President Cyril Ramaphosa announced on Monday that the country was moving into an “adjusted level 3 lockdown” — but no mention at all followed of any additional support for the new hotspots or the hospitality industry, which would be most directly affected.
There was an angry press release from Cosatu while others on the left sounded off on Twitter — though neither really seems to indicate a more visceral and practical political outrage, while at the ANC’s national executive committee (NEC) meeting there seemed to be nothing but the sound of silence.

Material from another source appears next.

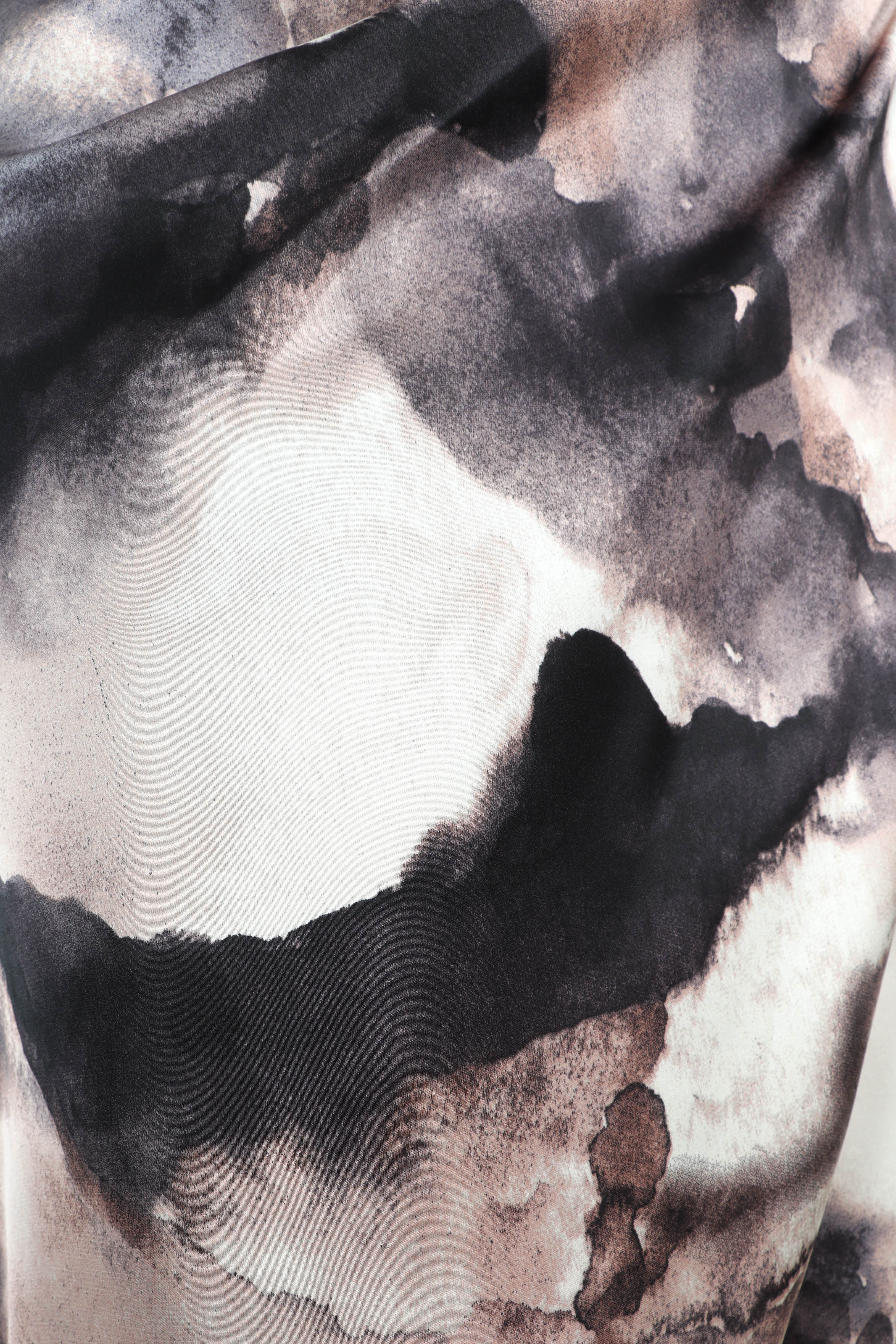 Epitome Of Elegance - Grey Cream Abstract Print Midi Dress

Maybe this was the government realising the PR nightmare of the first non-existent R500bn in stimulus. But to mention nothing at all seemed bizarre.
Other countries have introduced hotspot-related support plans. The UK created a per capita grant to local government in areas locked down, while the US is reintroducing stimulus cheques as well as extending other forms of employment support.
The issue is not just a muted debate in public but there is no real sign whatsoever that this debate is being had by the government at all.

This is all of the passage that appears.